Se i botti illegali sono vietati dalla legge e dunque coloro che li vendono sono perseguibili così come quelli li acquistano, a che serve emanare un’ordinanza sindacale per vietare quelli che invece è possibile acquistare al tabaccaio o al supermercato perché ritenuti non pericolosi dalle autorità che ne hanno permesso la vendita?

E poi in che maniera saranno perseguiti coloro che accenderanno una fiaccola sulla loro terrazza o sul balcone al sesto piano per salutare l’arrivo del 2016?

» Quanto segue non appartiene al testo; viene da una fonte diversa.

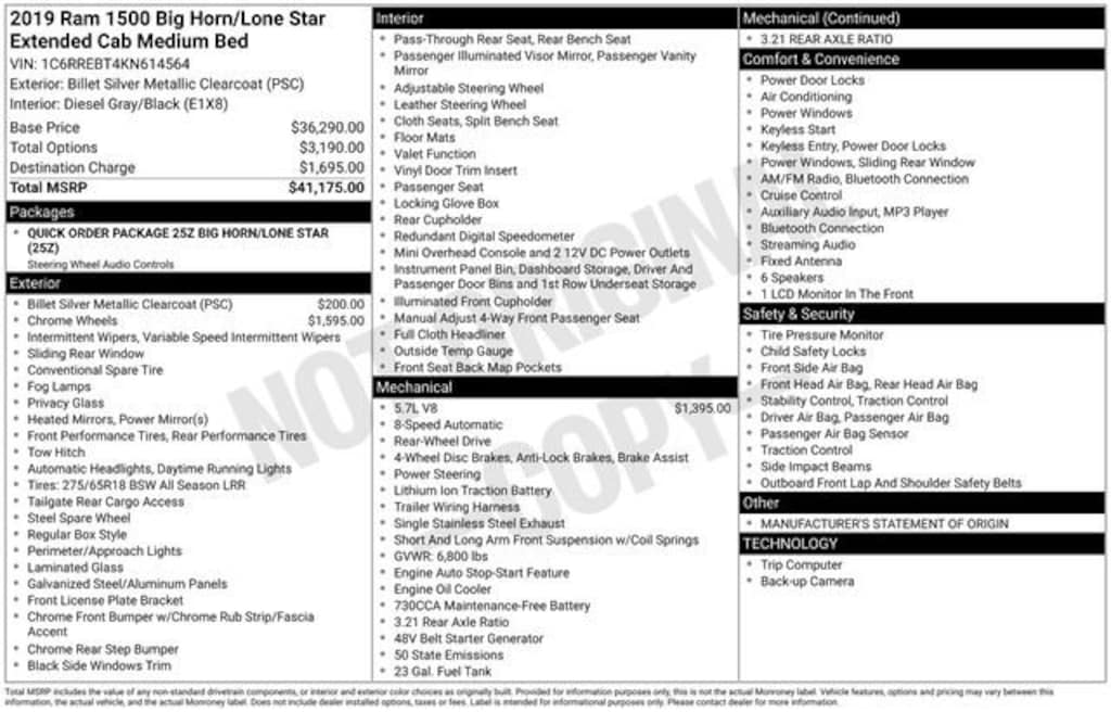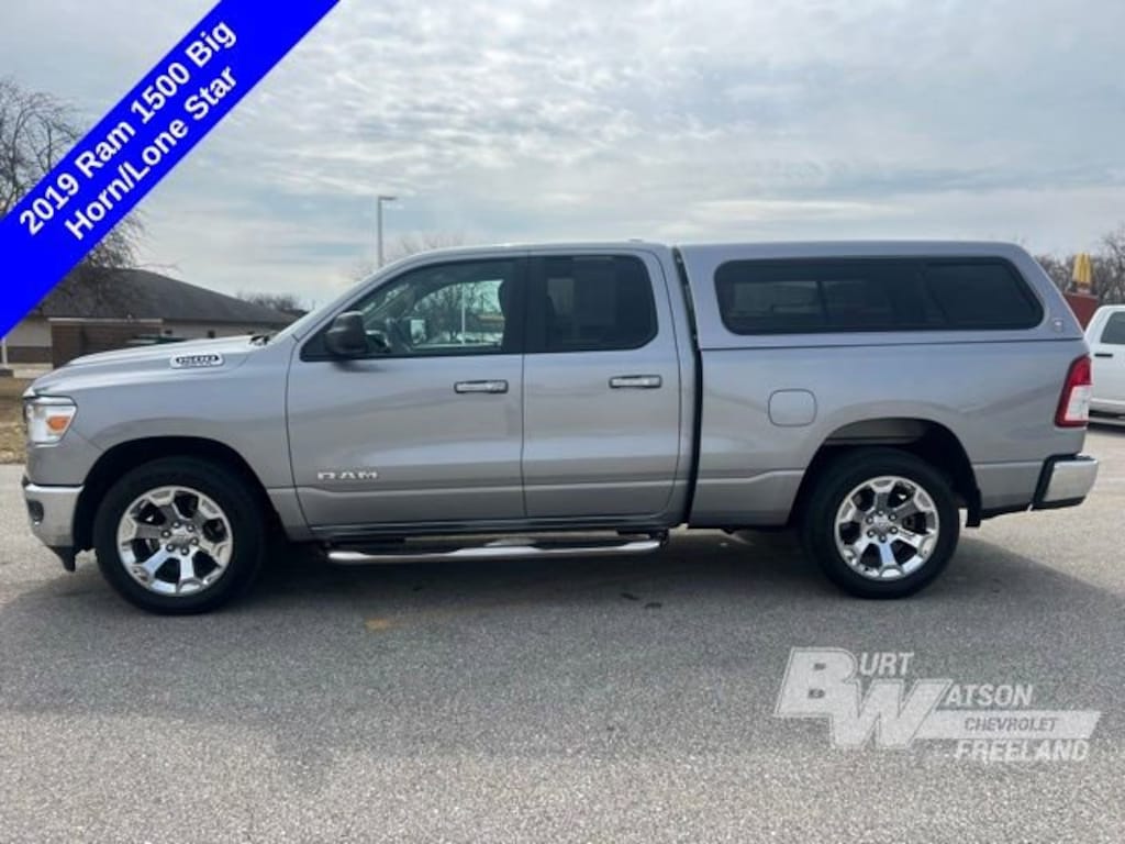 Recent Arrival! Clean CARFAX. Odometer is 40738 miles below market average!*** WE DELIVER ***Billet Silver Metallic Clearcoat 2019 Ram 1500 Big Horn/Lone Star 4D Quad Cab HEMI 5.7L V8 Multi Displacement VVT 8-Speed Automatic RWD3 Rear Seat Head Restraints, 3.21 Rear Axle Ratio, 4 Way Front Headrests, 4-Wheel Disc Brakes, 48V Belt Starter Generator, 6 Speakers, ABS brakes, Air Conditioning, Alloy wheels, AM/FM radio, Brake assist, Bumpers: chrome, Cloth Bench Seat, Compass, Delay-off headlights, Driver door bin, Dual front impact airbags, Dual front side impact airbags, Electronic Stability Control, Front anti-roll bar, Front Center Armrest w/Storage, Front fog lights, Front reading lights, Front Seat Back Map Pockets, Front wheel independent suspension, Fully automatic headlights, GPS Antenna Input, Heated door mirrors, Illuminated entry, Leather steering wheel, Low tire pressure warning, Manual Adjust 4-Way Front Passenger Seat, Manufacturer's Statement of Origin, Occupant sensing airbag, Outside temperature display, Overhead airbag, Overhead console, Panic alarm, ParkView Rear Back-Up Camera, Passenger door bin, Passenger vanity mirror, Power door mirrors, Power steering, Power windows, Quick Order Package 25Z Big Horn/Lone Star, Radio data system, Radio: Uconnect 3 w/5 Display, Rear 60/40 Folding Seat, Rear anti-roll bar, Rear seat center armrest, Rear step bumper, Remote keyless entry, Speed control, Split folding rear seat, Steering Wheel Mounted Audio Controls, Tachometer, Telescoping steering wheel, Tilt steering wheel, Traction control, Trip computer, Variably intermittent wipers, Voltmeter, Wheels: 18 x 8, Wheels: 20 x 9 Aluminum Chrome Clad.
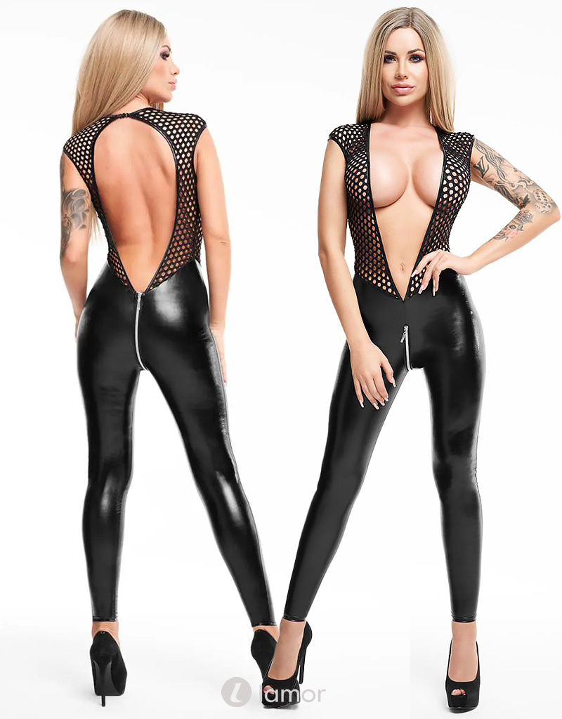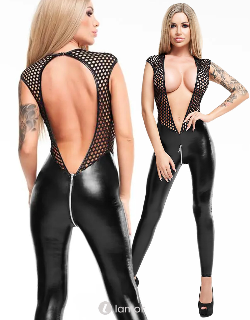 Sexy zwarte wetlook catsuit met diep decollete van 7-Heaven

Difficile immaginare i nove vigili urbani (la quadra è composta da un numero così esiguo…) schierati a mezzanotte in cerca di tutti quelli che trasformano Librino, San Giorgio e San Cristoforo, per citare solo alcuni quartieri di Catania, in angoli di guerriglia armata con petardi, cipolle e botti vari che esplodono sino quasi a rompere i timpani di tutti gli abitanti della zona.

La verità è che l’ordinanza del sindaco di Catania Enzo Bianco, così come quella di altri 800 comuni italiani, suona un po’ come un atto di responsabilità all’italiana quella meglio conosciuta come “della coscienza a posto”, della serie “mi metto la coscienza a posto…”.

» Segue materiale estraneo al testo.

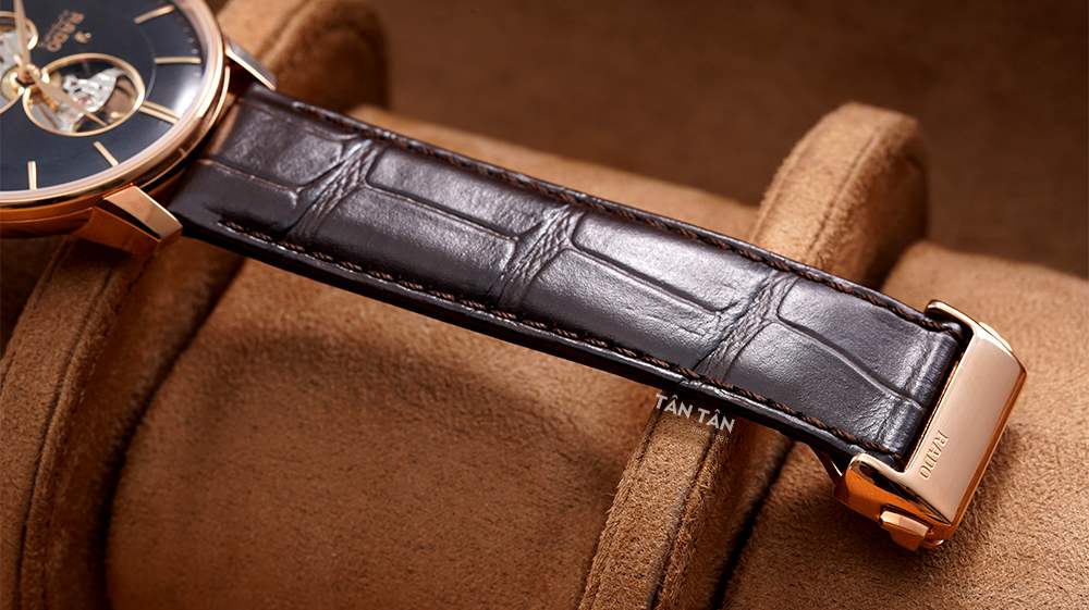 ✓ Dây da nâu bóng dập vân sang trọng được hoàn thiện tỉ mỉ.

Un atto da fare – l’ordinanza – che serve a poco o forse a niente, ma che assicura prestigio nei salotti buoni della città. Un po’ come è avvenuto con la chiusura delle scuole per gli allarmi metereologici. Con scuole chiuse, studenti a casa o per strada, il sole splendente e il maltempo rinviato di 12-18 ore.

Il buon senso forse sarebbe stata la via più giusta, così come ha fatto il sindaco di Caltanissetta Giovanni Ruvolo che, più realisticamente, non ha firmato ordinanze per vietare i botti, ma ha fatto un appello ad evitare di accendere fuochi artificiali e di sparare botti in occasione della notte di San Silvestro. E anziché imporre il divieto, ha richiamato tutti “alla responsabilità personale e alla sensibilità collettiva per tutelare l’incolumità pubblica e la sicurezza urbana”.

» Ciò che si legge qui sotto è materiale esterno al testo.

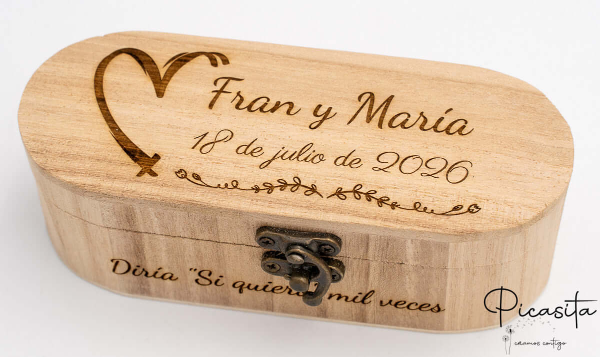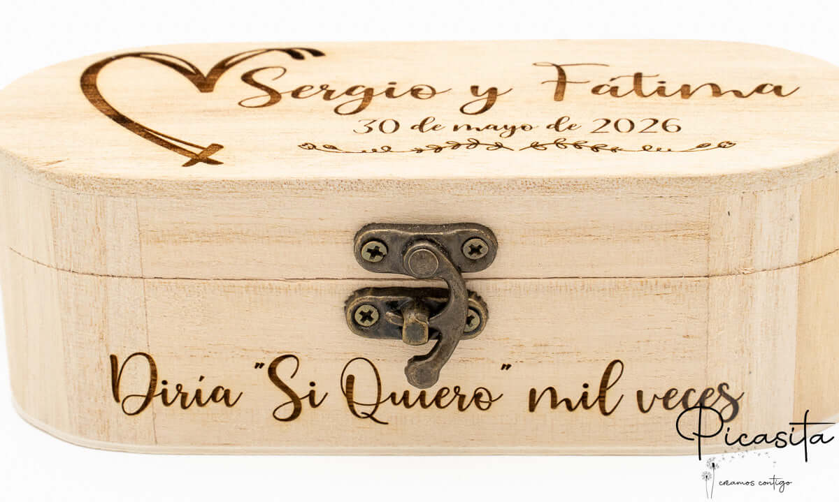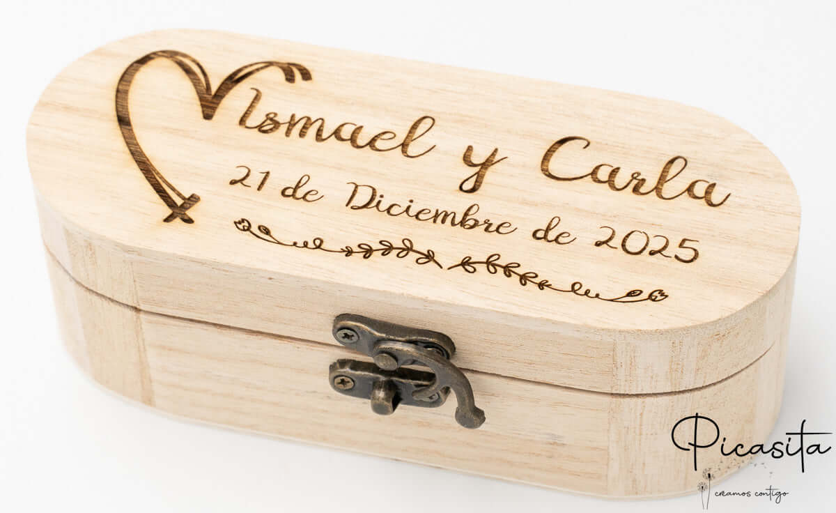 Il n’y a pas de détail qui touche plus les émotions que celui créé spécialement pour vous. Transformer ce coffret en une boîte en bois personnalisée signifie graver votre histoire, vos noms et la date de votre « Oui, je le veux » grâce à une élégante gravure laser pour la postérité. Imaginez ouvrir ce joyau des années après le mariage et revivre l’émotion de ce jour rien qu’en regardant le couvercle. C’est le contenant idéal non seulement pour l’autel, mais aussi pour garder vos souvenirs les plus précieux dans le foyer que vous construirez ensemble.

Certo il buon senso serve a poco sul piano del disturbo che i botti arrecano agli animali domestici, gatti, cani, uccellini. Ma a questo punto sorge spontanea una domanda: e allora per Sant’Agata? Bisognerebbe vietare bombe di tutti i calibri. Con ordinanza sindacale. E soprattutto con grande perdita di popolarità. Ai festeggiamenti della patrona di Catania manca un mese. Vedremo.